I was able to get this to work with the ChatOpenAI provider:

  parasols-maas: &active
    environment:
      "OPENAI_API_KEY": "<redacted>"
    provider: "ChatOpenAI"
    args:
      model: "meta-llama/Llama-3.1-8B-Instruct"
      base_url: "https://<redacted>:443/v1"

I think this might be easier to use than trying to implement our handling of continuation IMO

shawn-hurley avatar Feb 19 '25 19:02 shawn-hurley

@shawn-hurley agree, no desire for the VLLMOpenAI itself if we are good with reusing ChatOpenAI.

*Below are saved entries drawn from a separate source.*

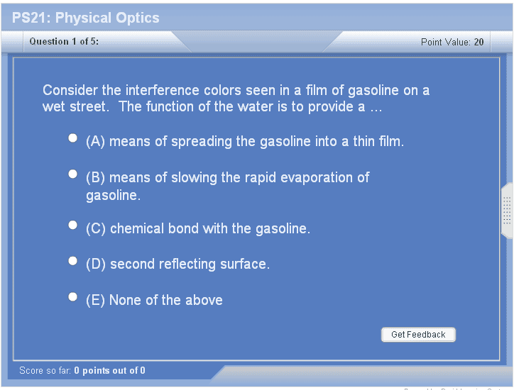 The principle that creates colors on thin layers of transparent substances.  The light reflecting off the interior of the substance interferes with light reflecting off the exterior.
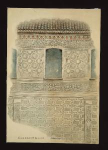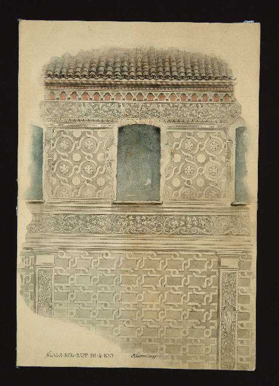montato su supporto a passe-par-tout, tracce della quadrettatura a matita per la strutturazione degli elementi decorativi e dei buchi di compasso per racciare i motivi circolari, acquerello nero, grigio e rosso
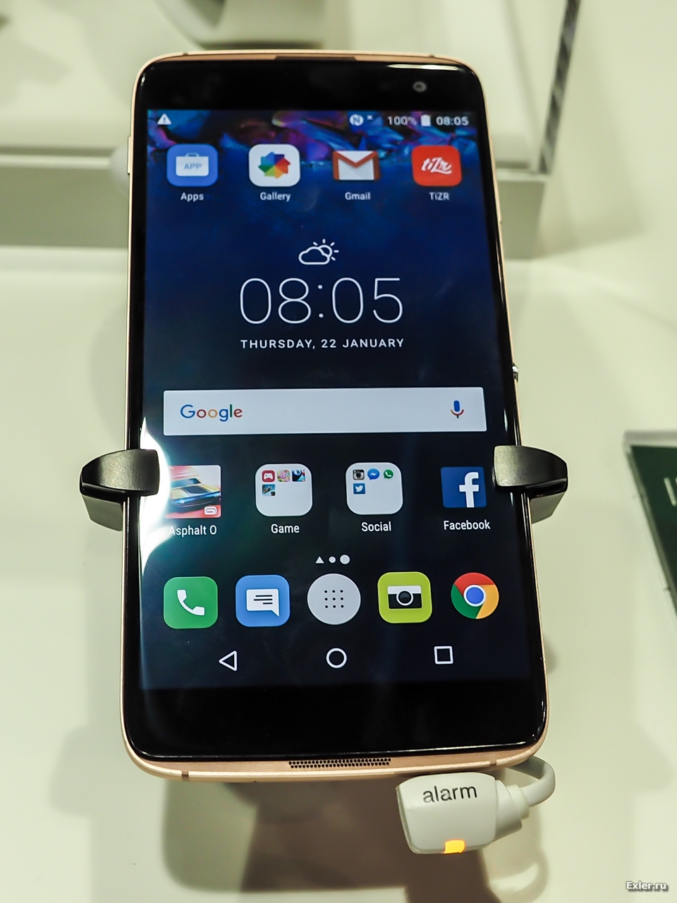 Стенд Alcatel Смартфон IDOL 4S. Хвалятся камерой, но на выставке ее не протестировать.
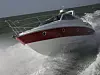 Da vi legger den opp mot vinden og mater 2 x 270 hk bensin under akterdekket, får vi raskere respons enn forventet - med påfølgende magaplask i neste bølgedal. Dette avslører imidlertid fort et svært kompakt og stille skrog, fritt for ulyder, selv om stereoen ble et lokk fattigere. Skrogets noe spesielle utforming gir også en liten planingsterskel og lite behov for trimming av drev.
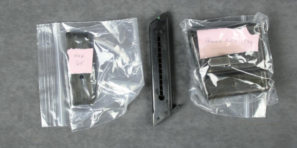 Bonanza lot of eight misc. semi-auto firearms magazines including two for a Starr Super 9mm; one for a Model 65 H&R; one for a Browning 7.62mm pistol, one for a Charter Arms AR-7; one for a Winchester Model 52; one unmarked .22 caliber magazine (possibly for a Hi Standard Target) and a magazine for a 1949 French Mas rifle. Est.: $75-$125.
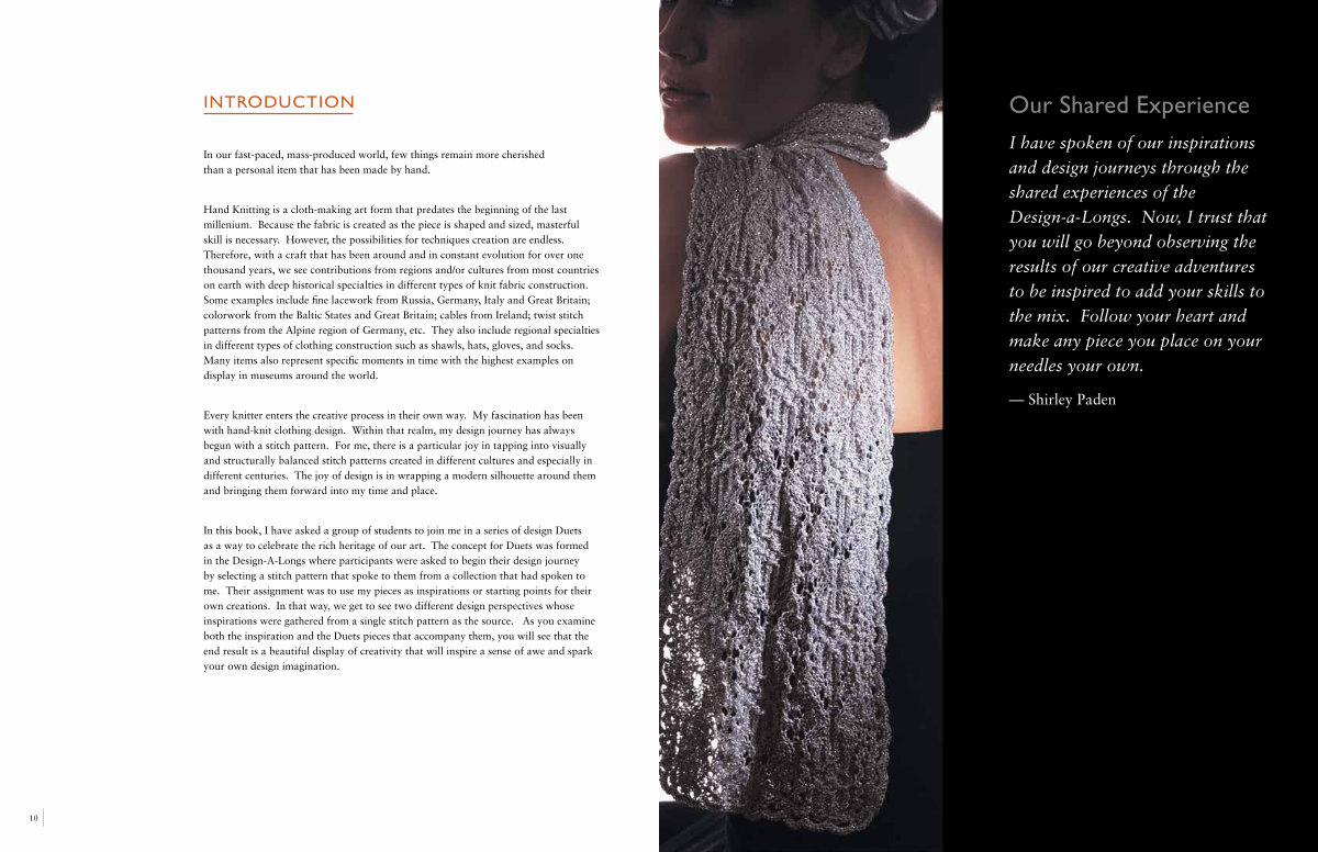 In this book, I have asked a group of students to join me in a series of design Duets as a way to celebrate the rich heritage of our art. The concept for Duets was formed in the Design-A-Longs where participants were asked to begin their design journey by selecting a stitch pattern that spoke to them from a collection that had spoken to me. Their assignment was to use my pieces as inspirations or starting points for their own creations. In that way, we get to see two different design perspectives whose inspirations were gathered from a single stitch pattern as the source. As you examine both the inspiration and the Duets pieces that accompany them, you will see that the end result is a beautiful display of creativity that will inspire a sense of awe and spark your own design imagination.
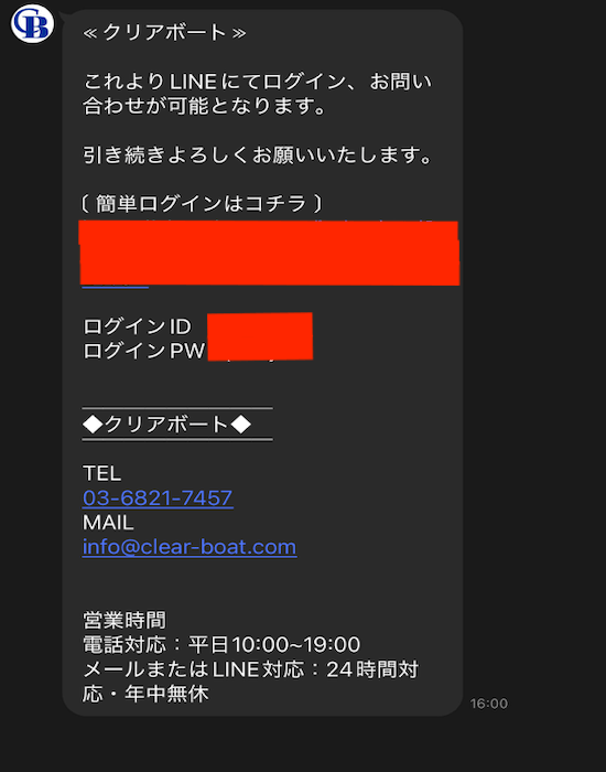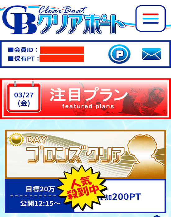 クリアボートの登録を済ませて、会員ページへとログイン。
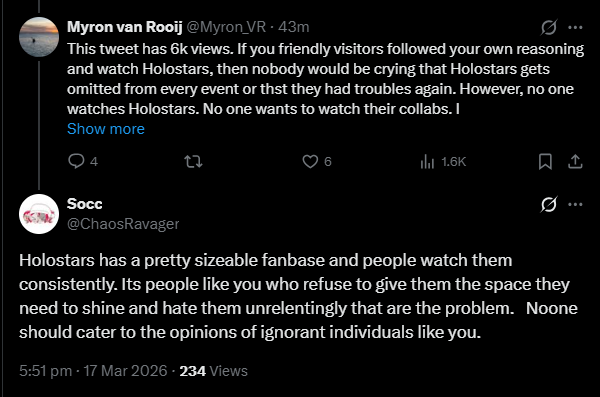 >>110321860>who was the unit leader for myth?The gen leaders are the first to debut and Japanese corporations are obsessed with hierarchy. This anon listed them for Myth, Council, Advent, and Justice. >>110321946>>110322643It doesn't help their cause when they say they don't watch Hololive and "I won't spend a dollar on this but I want it to change" is a baffling mentality.
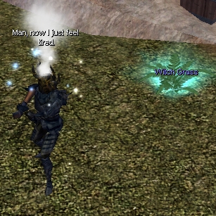 Inhaling Witch Grass smoke will apply the following effects to the smoker: increase Wisdom by 1, decrease Intelligence by 1, increase Spot and Listen by 5 each, decrease movement speed by 10%. These effects last approximately 1 hour (game time). If more Witch Grass is smoked before these effects wear off, it will only slow the smoker down further. Trying to harvest a plant with a torch in your hand will burn the whole plant, affecting every player or creature within 10 feet.
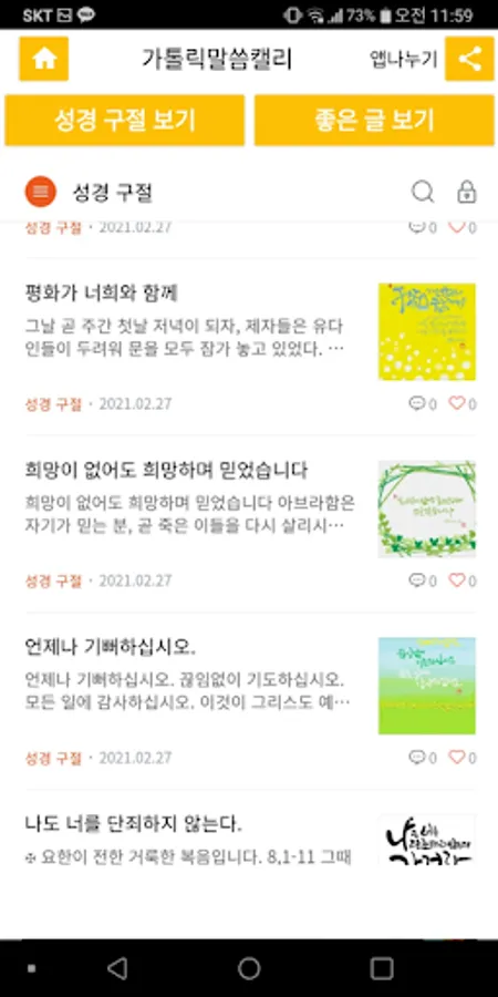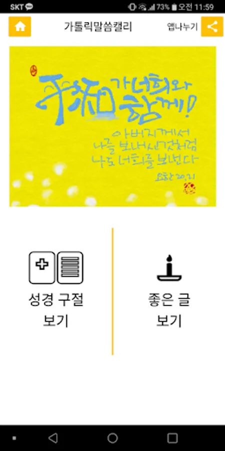 ○'Bible Verse' is a place where the Old Testament and New Testament Bible verses of the Catholic Bible are written in calligraphy.
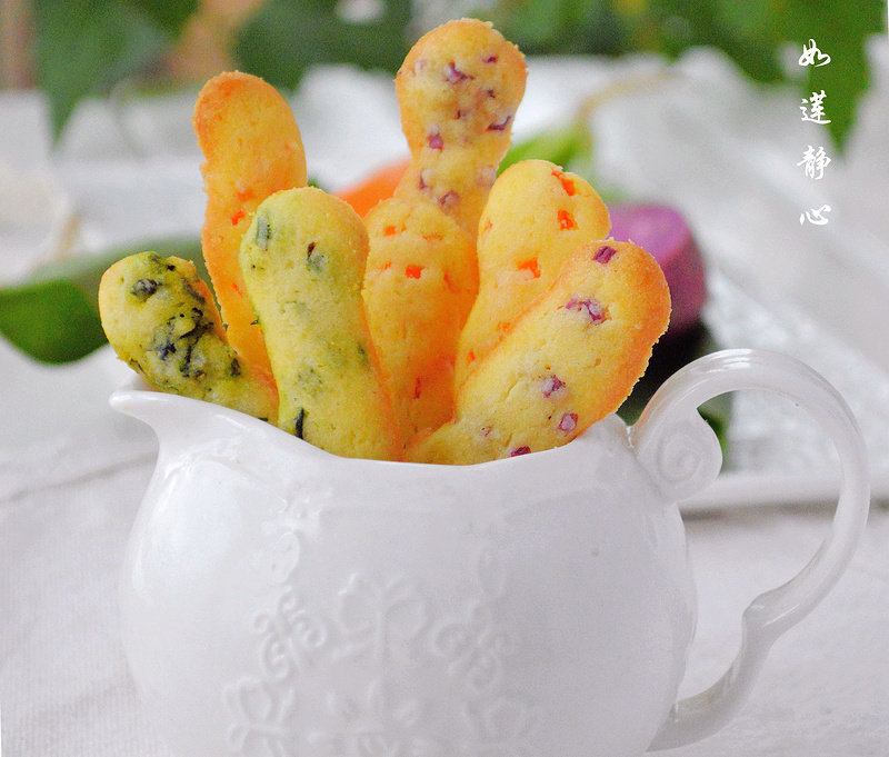 13:分别加入胡萝卜、紫薯、和烤干的菠菜。
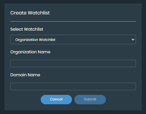 Users can monitor certain vendor and organization names in the My Watchlist page in the Vendor Watchlist and Organization Watchlist, respectively. If a match for a monitored asset appears, it triggers an alert. Vendors and organizations can be added to the watchlist manually by users or automatically by EASM.
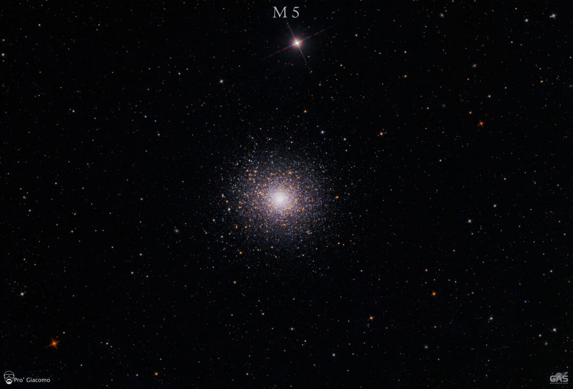 Foto di giacomo pro’: M5 Luogo della ripresa TORRICELLA (TA) Data della ripresa 27/04/2024 Telescopio Sky-Watcher Quattro 200P Montatura Skywatcher Eq 6-r Pro Camera di ripresa ZWO ASI 294 MC PRO
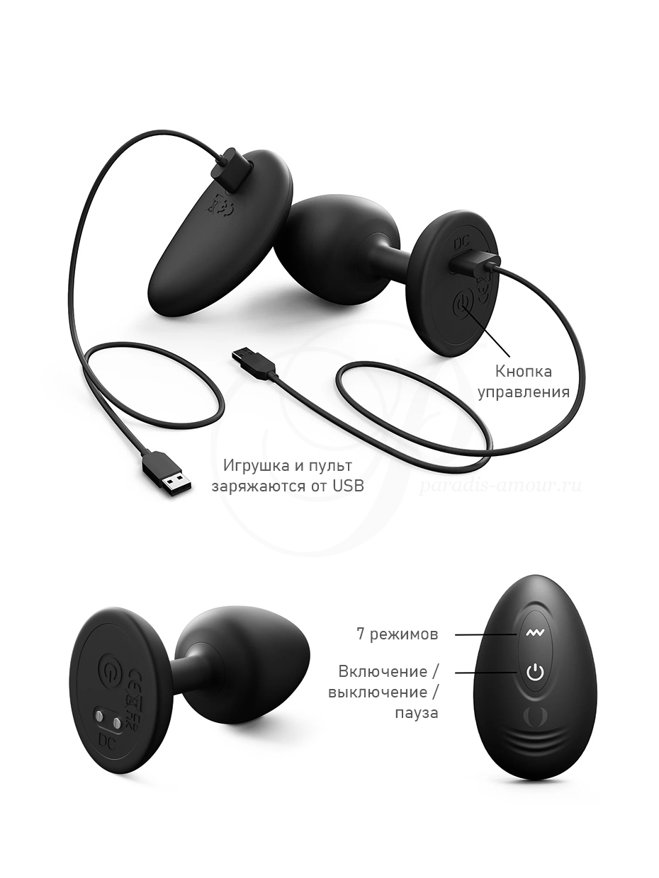 Управляется кнопкой в основании или с пульта. - 100% чистый медицинский силикон.

Only driver to suggest we may need the VLLMOpenAI was from the examples at https://maas.apps.prod.rhoai.rh-aiservices-bu.com/examples

jwmatthews avatar Feb 19 '25 19:02 jwmatthews

I attempted to test with 0.0.13 and saw the below

TRACE - 2025-02-28 09:32:28,695 - kai.jsonrpc - Thread-1 - [streams.py:102 - send()] - Sending request: {"jsonrpc":"2.0","error":{"code":-32603,"message":"Failed to create model provider: Error code: 400 - {'object': 'error', 'message': \"[{'type': 'extra_forbidden', 'loc': ('body', 'max_completion_tokens'), 'msg': 'Extra inputs are not permitted', 'input': 1}]\", 'type': 'BadRequestError', 'param': None, 'code': 400}"},"id":0}
DEBUG - 2025-02-28 09:32:28,695 - kai.kai-rpc-logger - Thread-1 - [core.py:245 - run()] - Waiting for message
DEBUG - 2025-02-28 09:32:28,695 - kai.jsonrpc - Thread-1 - [streams.py:109 - recv()] - Waiting for message
TRACE - 2025-02-28 09:32:28,696 - kai.jsonrpc - Thread-1 - [streams.py:112 - recv()] - Reading headers
TRACE - 2025-02-28 09:32:28,696 - kai.jsonrpc - Thread-1 - [streams.py:119 - recv()] - Reading header line
kai rpc server failed to initialize [err: Error: Failed to create model provider: Error code: 400 - {'object': 'error', 'message': "[{'type': 'extra_forbidden', 'loc': ('body', 'max_completion_tokens'), 'msg': 'Extra inputs are not permitted', 'input': 1}]", 'type': 'BadRequestError', 'param': None, 'code': 400}]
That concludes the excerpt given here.